RUPTURA PERSONAL

(Cartas a Nin)

 

20 septiembre 1932

[Hace algunas semanas le escribí pidiéndole que me dijese las cuestiones precisas que Vd. había planteado en las cartas suyas que yo no recibí. A esta última carta, no he recibido respuesta. Fue expedida certificada, de la misma forma que la presente es enviada certificada.]

 

14 noviembre 1932

[De diferentes lados, he recibido la información según la que camaradas españoles ‑y, ante todo, Vd. personalmente‑ apreciaban la situación española en el sentido de que la revolución había terminado. No es necesario que le diga lo grave que es esta cuestión para la determinación de los principios políticos. Me parece absolutamente necesario clarificar totalmente esta cuestión. Sería preferible que el nuevo C.C.1 precise su opinión sobre ello mediante una resolución especial: esto permitiría acabar de una vez con las falsas interpretaciones.2 Por lo demás, quizá` vuestro C.C. se haya pronunciado ya sobre este tema: en este caso, ¡tanto mejor!]

 


Notas

1 Alusión al comité central elegido en marzo en la 2ª conferencia de la oposición de izquierda española de la que Nin se había convertido en el secretario general. Habría podido imaginarse que la retirada de Lacroix, cuya carta del 17 de enero de 1932 constituía una verdadera declaración de guerra fraccional, habría creado mejores condiciones en las relaciones entre Trotsky y sus camaradas españoles.
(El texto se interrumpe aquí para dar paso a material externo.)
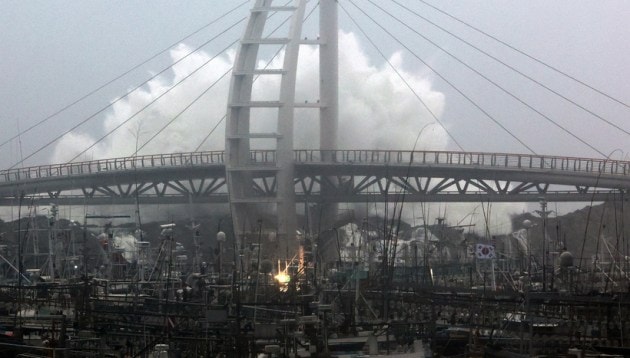 A high wave caused by Typhoon Hinnamnor hits a port on Jeju island. The Safety Ministry said about 3,700 of 4,700 people who had been forced to evacuate returned home Tuesday afternoon. (Reuters)
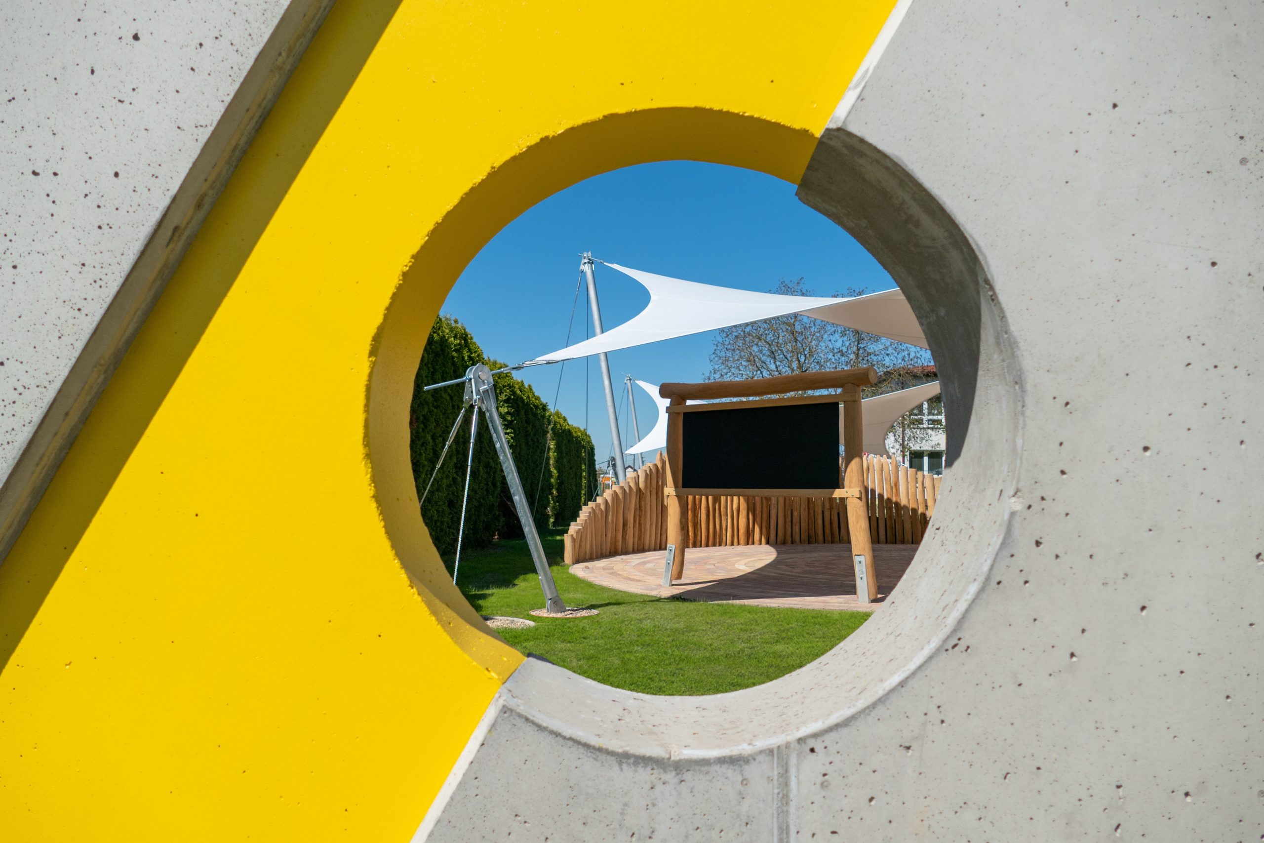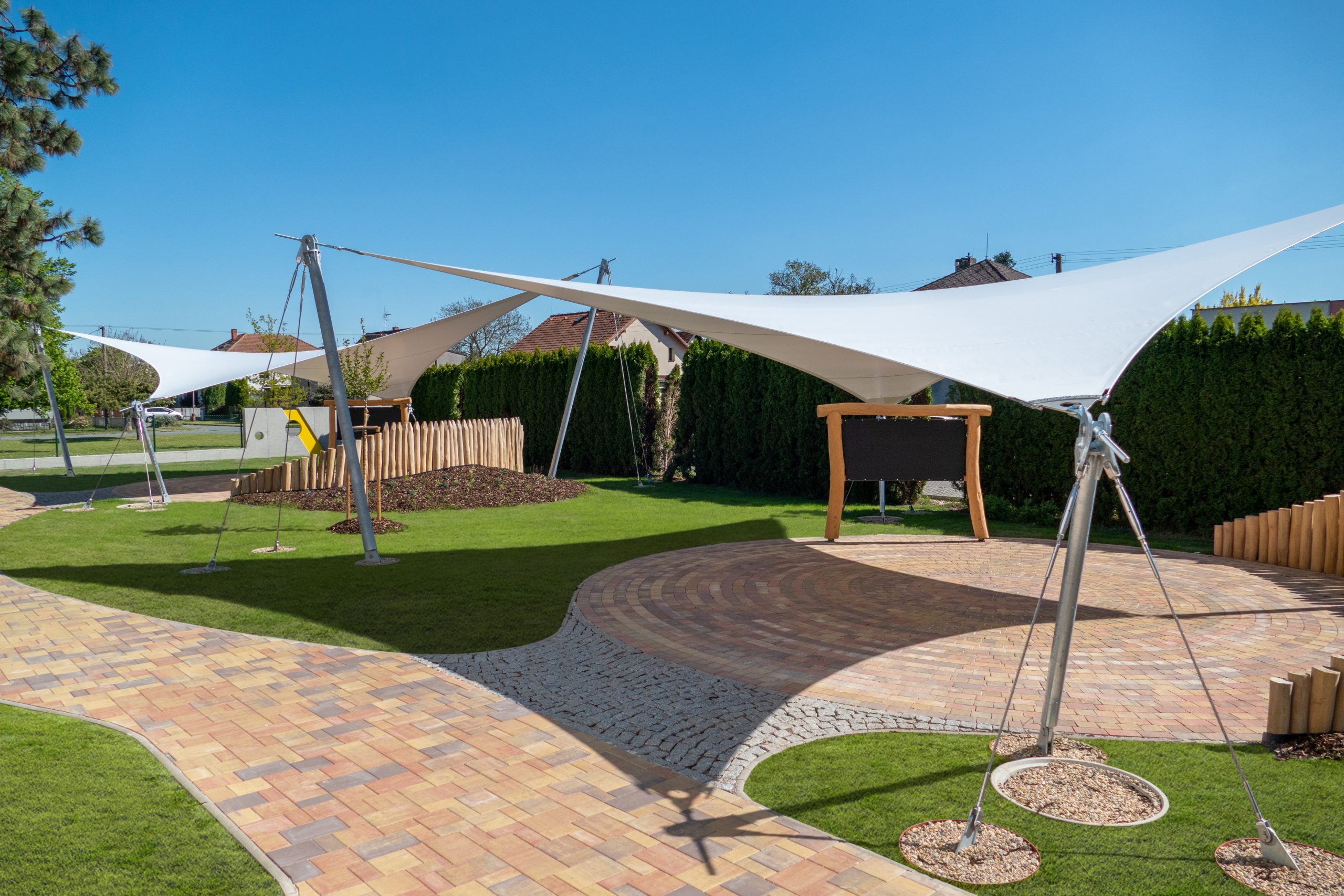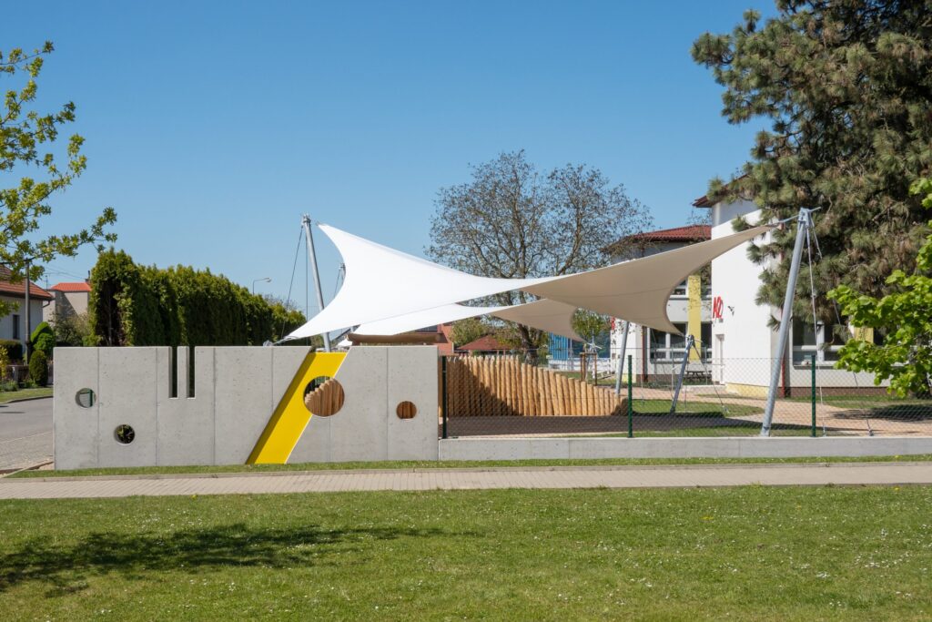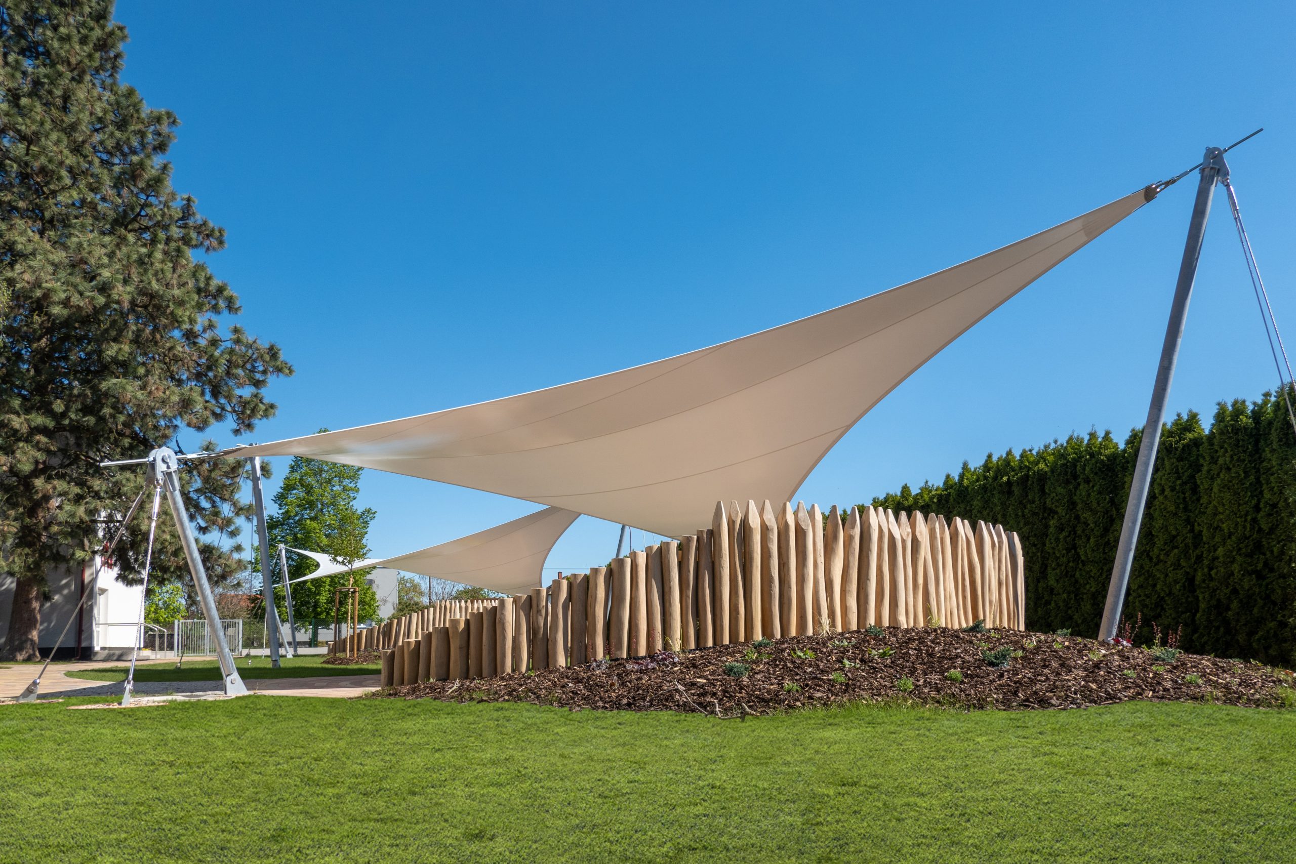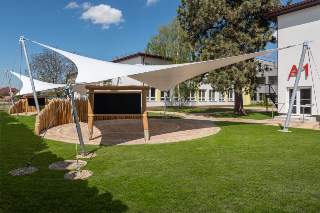 Součástí stavby jsou i tři přírodní venkovní učebny kryté membránovým zastřešením tzv. předepnutá textilní konstrukce na ocelových sloupcích a nerezových táhlech.

Pero la presencia en esta conferencia de un delegado de la Gauche Communiste de Francia, disidente, la decisión de la Oposición española llamarse igualmente «Izquierda comunista», los incidentes entre una parte de los delegados y los representantes del S.I. ‑decisiones en las que Lacroix había desempeñado un papel no despreciable‑ alteraban desde el comienzo las relaciones entre Trotsky y el nuevo C.C

2 n iba a responder muy secamente el 25 de noviembre de 1932: «Ni la oposición como tal, ni yo personalmente, hemos dicho nunca que la revolución española había terminado. Es una monstruosidad inconcebible. Estimamos, superflua la publicación sobre este asunto de una resolución del C.C., pues nadie aquí nos ha acusado de haber sostenido un punto de vista que está fundamentalmente opuesto a nuestra posición política». Estas cartas ‑la de Trotsky del 14 de noviembre de 1932, la de Nin del 25 de noviembre de 1932‑ ponen fin al intercambio de correspondencia directa entre los dos militantes. Más o menos al mismo tiempo estalla en la sección española «el asunto Lacroix».